The support frame 30 is also provided with a pair of ribs 37, the ribs connected by an end bar 38 at the front of the frame 30. Between the ribs 37 is provided a passage for a serial connection cable 11a connecting the heat flux sensor 11 to the microcontroller 12. The cable 1 la is protected by the ribs 37 and end bar 38. The cable 11a gradually transitions to a non-serial cable l ib before connection to the microcontroller 12. The openings 23a, 23 are provided with notches 27, 28 to accommodate the ribs 37 and end bar 38 respectively. An additional benefit of the ribs 37, end bar 38 and notches 27, 28 is to help confine the relative motion of the support frame 30 and the housing 20.

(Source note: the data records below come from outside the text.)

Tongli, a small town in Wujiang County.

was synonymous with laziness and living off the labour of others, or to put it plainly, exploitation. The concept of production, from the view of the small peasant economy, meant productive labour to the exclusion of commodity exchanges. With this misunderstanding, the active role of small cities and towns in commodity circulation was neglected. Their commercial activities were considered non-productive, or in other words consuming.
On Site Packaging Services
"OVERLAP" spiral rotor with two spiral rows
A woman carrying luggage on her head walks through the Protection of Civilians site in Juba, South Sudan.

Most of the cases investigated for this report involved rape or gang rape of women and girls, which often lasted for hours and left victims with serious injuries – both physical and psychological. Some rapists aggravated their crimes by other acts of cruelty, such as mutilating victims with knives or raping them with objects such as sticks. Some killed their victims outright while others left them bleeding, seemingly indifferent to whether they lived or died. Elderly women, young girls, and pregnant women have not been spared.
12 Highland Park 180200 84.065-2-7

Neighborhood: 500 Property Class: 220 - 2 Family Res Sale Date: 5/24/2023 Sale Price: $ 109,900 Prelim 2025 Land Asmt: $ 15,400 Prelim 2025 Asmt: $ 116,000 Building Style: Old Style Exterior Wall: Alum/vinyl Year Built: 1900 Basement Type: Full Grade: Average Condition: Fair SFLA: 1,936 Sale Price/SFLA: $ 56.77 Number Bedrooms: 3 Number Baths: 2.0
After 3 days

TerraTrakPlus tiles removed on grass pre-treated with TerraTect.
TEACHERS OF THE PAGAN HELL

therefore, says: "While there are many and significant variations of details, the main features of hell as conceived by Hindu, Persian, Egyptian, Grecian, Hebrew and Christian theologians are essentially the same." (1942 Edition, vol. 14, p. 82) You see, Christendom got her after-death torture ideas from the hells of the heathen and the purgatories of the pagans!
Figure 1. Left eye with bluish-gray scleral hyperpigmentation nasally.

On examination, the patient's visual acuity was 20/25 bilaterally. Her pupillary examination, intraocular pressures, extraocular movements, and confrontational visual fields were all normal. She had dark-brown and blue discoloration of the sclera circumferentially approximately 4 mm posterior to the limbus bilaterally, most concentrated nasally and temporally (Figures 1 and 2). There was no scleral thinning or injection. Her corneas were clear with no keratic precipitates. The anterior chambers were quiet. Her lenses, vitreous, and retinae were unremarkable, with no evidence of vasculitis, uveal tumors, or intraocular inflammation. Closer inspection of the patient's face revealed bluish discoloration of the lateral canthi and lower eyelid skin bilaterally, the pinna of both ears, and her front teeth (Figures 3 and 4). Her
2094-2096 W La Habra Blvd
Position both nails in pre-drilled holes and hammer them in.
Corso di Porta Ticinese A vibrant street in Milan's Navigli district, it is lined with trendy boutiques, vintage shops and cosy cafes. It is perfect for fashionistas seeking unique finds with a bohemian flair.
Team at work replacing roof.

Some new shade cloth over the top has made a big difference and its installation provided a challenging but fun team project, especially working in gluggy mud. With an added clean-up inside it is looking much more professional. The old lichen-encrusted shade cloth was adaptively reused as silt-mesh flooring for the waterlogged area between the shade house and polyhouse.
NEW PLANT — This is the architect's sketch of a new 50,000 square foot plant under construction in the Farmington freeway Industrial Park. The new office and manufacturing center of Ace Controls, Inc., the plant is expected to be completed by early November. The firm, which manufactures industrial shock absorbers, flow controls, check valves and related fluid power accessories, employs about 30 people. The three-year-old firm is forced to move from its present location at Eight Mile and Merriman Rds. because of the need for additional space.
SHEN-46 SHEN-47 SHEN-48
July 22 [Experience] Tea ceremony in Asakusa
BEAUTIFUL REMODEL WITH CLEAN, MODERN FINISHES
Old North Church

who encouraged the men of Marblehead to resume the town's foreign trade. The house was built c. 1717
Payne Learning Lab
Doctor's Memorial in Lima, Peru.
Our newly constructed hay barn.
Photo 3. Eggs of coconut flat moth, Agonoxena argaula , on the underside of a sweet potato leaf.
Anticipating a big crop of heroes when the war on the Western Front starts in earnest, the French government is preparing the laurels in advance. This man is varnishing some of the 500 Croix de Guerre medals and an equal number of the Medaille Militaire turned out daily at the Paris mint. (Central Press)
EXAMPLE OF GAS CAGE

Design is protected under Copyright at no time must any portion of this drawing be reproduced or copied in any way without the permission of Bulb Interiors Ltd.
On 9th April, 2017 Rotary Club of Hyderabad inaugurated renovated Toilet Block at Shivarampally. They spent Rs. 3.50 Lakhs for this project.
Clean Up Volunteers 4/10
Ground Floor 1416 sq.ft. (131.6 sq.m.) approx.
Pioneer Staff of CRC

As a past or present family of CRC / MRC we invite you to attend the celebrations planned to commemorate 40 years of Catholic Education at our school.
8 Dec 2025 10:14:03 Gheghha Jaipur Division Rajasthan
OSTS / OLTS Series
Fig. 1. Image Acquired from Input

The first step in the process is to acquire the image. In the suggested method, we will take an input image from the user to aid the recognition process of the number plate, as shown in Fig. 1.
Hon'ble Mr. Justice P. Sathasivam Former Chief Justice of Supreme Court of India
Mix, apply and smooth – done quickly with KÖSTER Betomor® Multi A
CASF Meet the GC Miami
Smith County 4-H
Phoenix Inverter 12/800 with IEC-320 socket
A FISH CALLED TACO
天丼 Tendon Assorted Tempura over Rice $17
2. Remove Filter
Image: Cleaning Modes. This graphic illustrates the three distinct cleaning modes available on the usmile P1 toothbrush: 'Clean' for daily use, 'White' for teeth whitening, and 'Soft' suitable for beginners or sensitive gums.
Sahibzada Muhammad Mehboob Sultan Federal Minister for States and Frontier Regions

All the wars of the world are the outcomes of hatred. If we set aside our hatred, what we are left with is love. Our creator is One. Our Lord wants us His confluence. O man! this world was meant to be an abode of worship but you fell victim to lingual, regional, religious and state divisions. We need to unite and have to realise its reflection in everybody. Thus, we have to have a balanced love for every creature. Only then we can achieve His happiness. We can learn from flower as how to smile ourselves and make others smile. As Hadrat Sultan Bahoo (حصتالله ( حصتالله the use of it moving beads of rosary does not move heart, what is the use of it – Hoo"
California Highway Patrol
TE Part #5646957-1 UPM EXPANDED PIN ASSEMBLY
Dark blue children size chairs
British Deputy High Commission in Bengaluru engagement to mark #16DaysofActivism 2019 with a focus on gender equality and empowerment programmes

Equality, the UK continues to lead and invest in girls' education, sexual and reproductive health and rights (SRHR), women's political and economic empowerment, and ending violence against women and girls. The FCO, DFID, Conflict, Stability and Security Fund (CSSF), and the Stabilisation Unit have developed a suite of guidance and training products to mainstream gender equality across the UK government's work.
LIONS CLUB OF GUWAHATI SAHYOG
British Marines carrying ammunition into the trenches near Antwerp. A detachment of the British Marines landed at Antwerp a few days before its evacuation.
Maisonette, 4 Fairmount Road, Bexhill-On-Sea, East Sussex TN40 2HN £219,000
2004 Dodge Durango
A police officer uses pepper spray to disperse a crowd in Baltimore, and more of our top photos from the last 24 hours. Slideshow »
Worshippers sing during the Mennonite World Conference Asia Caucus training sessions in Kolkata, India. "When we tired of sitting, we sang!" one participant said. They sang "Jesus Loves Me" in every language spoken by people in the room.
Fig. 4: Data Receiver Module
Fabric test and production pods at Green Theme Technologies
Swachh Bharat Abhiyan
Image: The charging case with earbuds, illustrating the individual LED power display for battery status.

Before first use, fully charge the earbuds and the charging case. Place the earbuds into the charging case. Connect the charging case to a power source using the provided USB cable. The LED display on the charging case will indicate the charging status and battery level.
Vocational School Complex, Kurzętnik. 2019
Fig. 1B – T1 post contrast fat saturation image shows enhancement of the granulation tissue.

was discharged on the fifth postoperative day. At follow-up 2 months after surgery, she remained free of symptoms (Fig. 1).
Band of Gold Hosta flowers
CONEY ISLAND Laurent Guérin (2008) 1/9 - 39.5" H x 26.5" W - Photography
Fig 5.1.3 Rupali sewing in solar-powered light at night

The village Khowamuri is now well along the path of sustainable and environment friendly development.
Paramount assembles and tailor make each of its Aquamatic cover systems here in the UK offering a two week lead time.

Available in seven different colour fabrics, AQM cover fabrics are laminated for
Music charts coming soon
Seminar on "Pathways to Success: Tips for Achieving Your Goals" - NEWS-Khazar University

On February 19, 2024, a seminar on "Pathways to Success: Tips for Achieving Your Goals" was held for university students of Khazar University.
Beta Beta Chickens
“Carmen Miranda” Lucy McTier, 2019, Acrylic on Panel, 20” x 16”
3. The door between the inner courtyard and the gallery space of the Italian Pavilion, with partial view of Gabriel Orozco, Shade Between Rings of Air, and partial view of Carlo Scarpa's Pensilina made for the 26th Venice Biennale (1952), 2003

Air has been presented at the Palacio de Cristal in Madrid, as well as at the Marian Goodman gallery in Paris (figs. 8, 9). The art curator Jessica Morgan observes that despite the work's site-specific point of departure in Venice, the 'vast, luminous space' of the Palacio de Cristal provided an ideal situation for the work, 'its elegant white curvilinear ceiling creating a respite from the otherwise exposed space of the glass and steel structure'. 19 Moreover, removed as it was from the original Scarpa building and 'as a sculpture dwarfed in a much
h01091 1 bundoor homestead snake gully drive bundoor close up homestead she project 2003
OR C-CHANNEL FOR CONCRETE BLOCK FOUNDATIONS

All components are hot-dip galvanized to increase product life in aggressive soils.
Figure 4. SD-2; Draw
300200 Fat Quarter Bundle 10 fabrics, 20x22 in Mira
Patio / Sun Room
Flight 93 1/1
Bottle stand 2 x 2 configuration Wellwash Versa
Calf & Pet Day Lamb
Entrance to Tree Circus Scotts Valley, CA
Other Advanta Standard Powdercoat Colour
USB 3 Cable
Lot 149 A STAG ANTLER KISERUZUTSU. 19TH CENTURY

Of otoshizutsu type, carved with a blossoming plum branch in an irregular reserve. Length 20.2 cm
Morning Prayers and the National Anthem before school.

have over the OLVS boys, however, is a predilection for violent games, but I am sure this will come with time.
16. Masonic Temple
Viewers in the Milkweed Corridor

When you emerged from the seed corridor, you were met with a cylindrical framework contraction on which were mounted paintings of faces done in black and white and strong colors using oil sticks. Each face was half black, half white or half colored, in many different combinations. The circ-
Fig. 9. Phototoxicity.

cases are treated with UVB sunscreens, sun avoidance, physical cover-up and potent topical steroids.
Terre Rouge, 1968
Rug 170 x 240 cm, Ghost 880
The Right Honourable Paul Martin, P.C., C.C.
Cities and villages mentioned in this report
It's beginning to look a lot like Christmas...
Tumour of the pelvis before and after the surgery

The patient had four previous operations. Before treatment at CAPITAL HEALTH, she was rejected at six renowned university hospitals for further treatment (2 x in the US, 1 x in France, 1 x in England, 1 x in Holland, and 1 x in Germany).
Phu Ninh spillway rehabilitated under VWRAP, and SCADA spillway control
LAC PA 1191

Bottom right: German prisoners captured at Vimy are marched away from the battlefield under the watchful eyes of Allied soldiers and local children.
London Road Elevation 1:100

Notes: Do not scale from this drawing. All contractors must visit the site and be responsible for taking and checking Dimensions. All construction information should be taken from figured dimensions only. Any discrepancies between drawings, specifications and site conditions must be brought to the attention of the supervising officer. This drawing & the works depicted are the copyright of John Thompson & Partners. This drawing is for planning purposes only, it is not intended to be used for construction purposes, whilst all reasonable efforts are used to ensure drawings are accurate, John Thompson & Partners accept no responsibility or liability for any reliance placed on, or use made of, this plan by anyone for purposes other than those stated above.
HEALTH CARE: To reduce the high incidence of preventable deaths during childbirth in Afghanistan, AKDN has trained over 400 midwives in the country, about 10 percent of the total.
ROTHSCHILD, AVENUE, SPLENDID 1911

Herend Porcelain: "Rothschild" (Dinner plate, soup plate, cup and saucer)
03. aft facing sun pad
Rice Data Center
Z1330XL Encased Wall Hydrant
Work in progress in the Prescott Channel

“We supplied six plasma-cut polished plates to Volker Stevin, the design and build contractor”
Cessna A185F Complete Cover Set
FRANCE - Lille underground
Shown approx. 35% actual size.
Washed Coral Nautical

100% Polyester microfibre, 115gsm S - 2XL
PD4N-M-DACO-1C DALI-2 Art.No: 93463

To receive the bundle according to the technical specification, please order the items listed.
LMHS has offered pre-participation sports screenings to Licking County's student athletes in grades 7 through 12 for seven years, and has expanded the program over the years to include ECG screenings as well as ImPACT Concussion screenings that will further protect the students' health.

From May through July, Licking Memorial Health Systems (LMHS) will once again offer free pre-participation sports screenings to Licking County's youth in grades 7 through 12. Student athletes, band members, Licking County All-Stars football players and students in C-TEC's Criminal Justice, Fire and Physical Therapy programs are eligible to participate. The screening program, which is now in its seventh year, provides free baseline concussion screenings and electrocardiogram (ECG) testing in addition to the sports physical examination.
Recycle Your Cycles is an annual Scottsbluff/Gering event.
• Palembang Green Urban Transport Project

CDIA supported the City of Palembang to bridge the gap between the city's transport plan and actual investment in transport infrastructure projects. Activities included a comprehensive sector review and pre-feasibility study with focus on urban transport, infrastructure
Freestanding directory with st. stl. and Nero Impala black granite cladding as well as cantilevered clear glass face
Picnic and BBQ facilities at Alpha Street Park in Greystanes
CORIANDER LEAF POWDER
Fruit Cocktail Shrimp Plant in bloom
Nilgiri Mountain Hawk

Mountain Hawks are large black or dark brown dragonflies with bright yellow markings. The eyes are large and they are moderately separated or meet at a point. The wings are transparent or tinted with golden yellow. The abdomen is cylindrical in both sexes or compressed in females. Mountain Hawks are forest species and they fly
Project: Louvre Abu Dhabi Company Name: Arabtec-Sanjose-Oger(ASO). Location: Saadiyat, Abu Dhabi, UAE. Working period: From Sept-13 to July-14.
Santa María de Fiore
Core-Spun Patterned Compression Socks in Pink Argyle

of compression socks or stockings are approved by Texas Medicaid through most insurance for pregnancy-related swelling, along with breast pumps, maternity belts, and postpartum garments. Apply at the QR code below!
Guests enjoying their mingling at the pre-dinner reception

Turing now to figures 5 & 6, the relative positions of the remaining components within the housing 20 is illustrated. The battery 15 is provided at the opposite end of housing 20 to the heat flux sensor 11. Between the battery 15 and heat flux sensor 11 is provided a circuit board 10 upon which is provided the microcontroller 12, data store 14 and air temperature sensor 17.

The communications unit 13 is mounted separately to the circuit board 10 on an antenna means 18 to enable transmission and receipt of wireless communication signals. The communications unit 13 typically comprises an RF (radio frequency) transceiver operable according to a standard data transfer protocol such as Bluetooth, Zigbee or the like.

Whilst the above embodiments relate to a combined device incorporating both a surface temperature sensor 16 and an air temperature sensor 17, the skilled man will appreciate that either or both sensors 16, 17 can be omitted if a pure heat flux sensing device 1 is desired.

The above embodiment is described by way of example only. Many variations are possible without departing from the scope of the invention as defined in the appended claims.